There were helicopters, rappers and griots singing louder and more plaintively than Youssou N’Dour. There were dancers in orange and lots of make-up, thousands of women dressed like Swiss confectionery and tens of thousands of young men in white T-shirts, supporters of the Dakar-based Gris Bordeux. There were marabouts, ministers and comedians. The event was covered live by 11 radio stations — this wrestling is more popular than soccer in Senegal.
I had lunch with a legendary old fighter, Birahim Ndiaye. He owns a five-storey building where his 11 children, his mother and his two wives live. Everywhere we went in his neighbourhood, we were told ”Ahh, Birahim, il est tres gentile.”
In true teranga style, he hosted us for lunch. He is a heavily muscled man who looks 10 years younger than his age, but for the cauliflower ears acquired in his fights. He had a reputation for fearlessness — he never let go. He won 31 out of 50 matches in a career lasting 30 years. Now he trains younger fighters.
All the major ethnic groups of Senegal still practise their version of traditional wrestling. But in Dakar, where for the past hundred years or so people have come and become more Dakar than Wolof, the Dakar style developed. Most traditional wrestling involves felling an opponent in a round ring of sand. It is a highly technical sport, and often lasts just a few seconds.
In Dakar, fist fighting entered the sport, and the style developed over many years, picking and discarding influences. Even so, in the strange way that things are in Senegal — where designer clothes and amulets cohabit happily — the sport remained traditional, but at the same time urban and edgy.
Senegal operates an almost unique system in Africa — civil and traditional structures don’t seem to clash with changing time.
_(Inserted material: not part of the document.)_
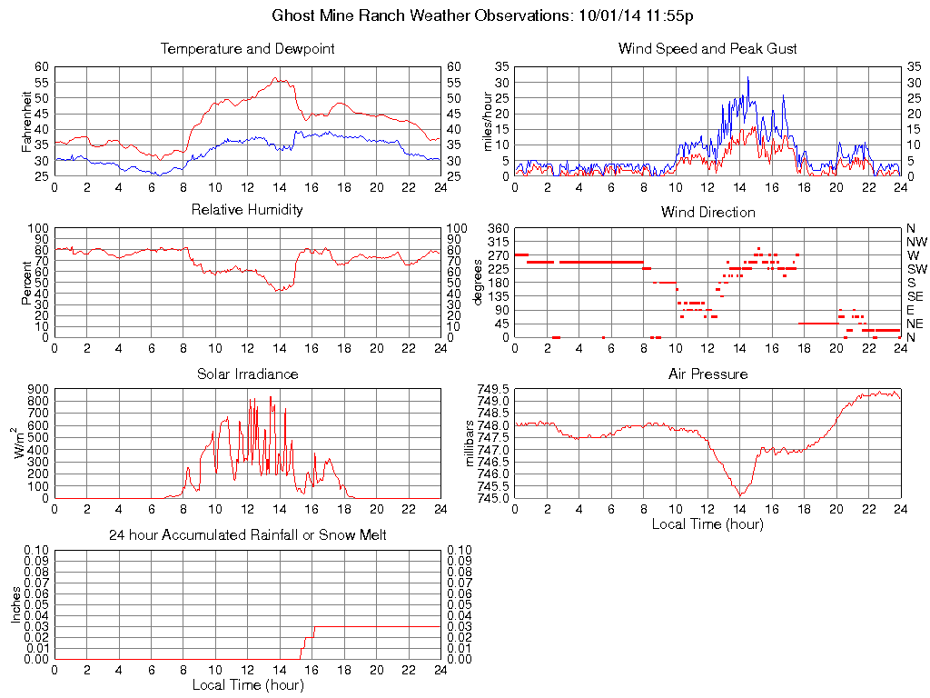 Temperature (F) 36.9 30.1 @ 06:35 56.6 @ 13:40 42.1
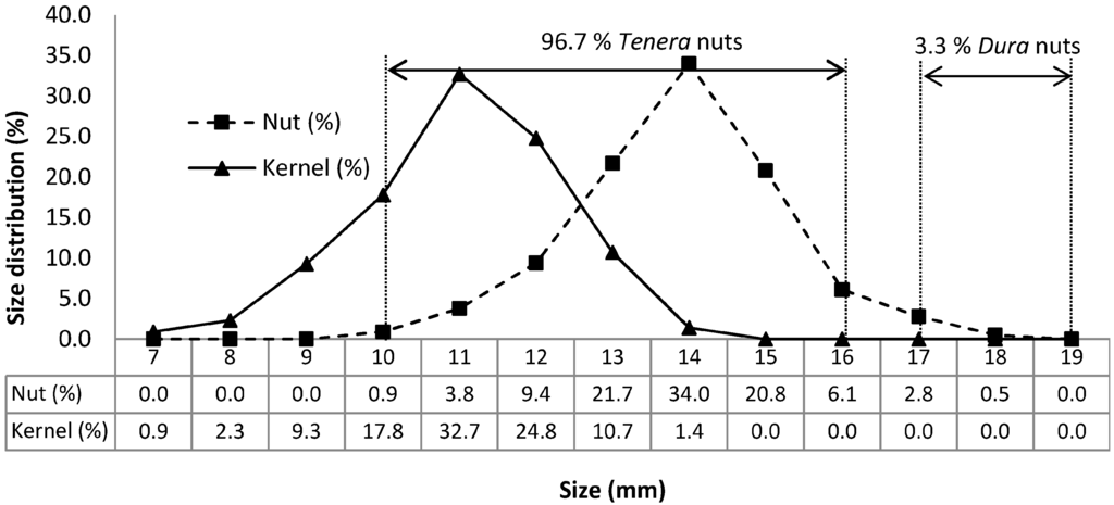 Measurement of nut and kernel size distribution prior to cracking was carried out to determine the exact composition of nut type processed in the mill, such as Dura, Pisifera and Tenera. Pisifera is a pollen-type nut, while Dura has a thicker shell and a lower oil content compared to Tenera, which is a hybrid between Pisifera and Dura. Tenera has a high oil content with a thin shell. Figure 5 shows nut size distribution prior to cracking and kernel size distribution after separation. It shows that Air Tawar POM processed about 96.7% Tenera nuts and 3.3% Dura nuts. Typical Tenera nuts may be 20 mm or less in length, and Dura nuts may be 20 to 30 mm in length. In terms of horizontal cross-sectional diameter, Tenera nut size is less than 16 mm, while Dura nuts are often more than 16 mm. The size distribution of nuts ranged from 10 to 18 mm in diameter; the largest nut sizes ranged from 13 to 16 mm with kernel sizes between 10 and 12 mm. Determination of the nut and kernel size distribution was important prior to optimization of kernel separation using the five-stage winnowing column system.

They adapt.
In the 1990s, one giant man who called himself Mike Tyson, a stubborn, loud, proud man who claimed he belonged to the brotherhood of the ”Don’t Cares”, brought the country to a standstill by introducing new dances and new fighting moves. He was media savvy and branded himself. Soon, his fights were commanding more than $100 000 and were televised. And a tradition over a thousand years old entered the media age with a bang.
More than a century ago, mystic and philosopher Cheik Amadou Bamba began a movement that helped convert most people in Senegal to Islam. Like almost everything here, the religious movement was very self-consciously Senegambian — and paid no heed to any sort of Arabisation. The focus was on finding an Islam that could cohabit comfortably with mostly Wolof cultural structures. The brotherhood, now called Mouridism, focused on work and spirituality.
It seems to me that at the heart of Bamba’s teachings was an idea that a new world was coming, and people needed a strong written philosophy and world view that could deal with this coming world — at the time embodied by the French.
Today, Bamba’s village, Touba, is West Africa’s fastest-growing city. And Mourides have spread out into the world, red-eyed and dry-skinned, working 18 hours a day in a sort of religious capitalism that says jihad is leaving home to create wealth and send it back.
What strikes me most about life here is how much family structures are venerated, even under the pressures of poverty. No child soldiers will come from here — nobody is really removed from family. There are brotherhoods for dope-smoking, drum-beating, Rasta-type people — the Baye Fall; there are brotherhoods for shopkeepers; there are Catholic families who quite comfortably marry Muslims.
In everything, big or small, great care is taken to make sure social relations remain good. So Senegal has voted for Catholic presidents and so on. After all, he is one of us, they seem to say.
You may have seen them. In Cape Town, in Johannesburg. Upstanding and tall dark men — who account to nobody, and who are all very gentile.
When a hundred thousand or so people spilled out of the stadium, after an intense moment of high violence, I felt utterly safe. I wonder whether the M-Nets and such of this world will one day cover this. Or visit Lamu during the dhow races and see some of the best sailors you will every see. And maybe Supersport can dish up something beyond Becks.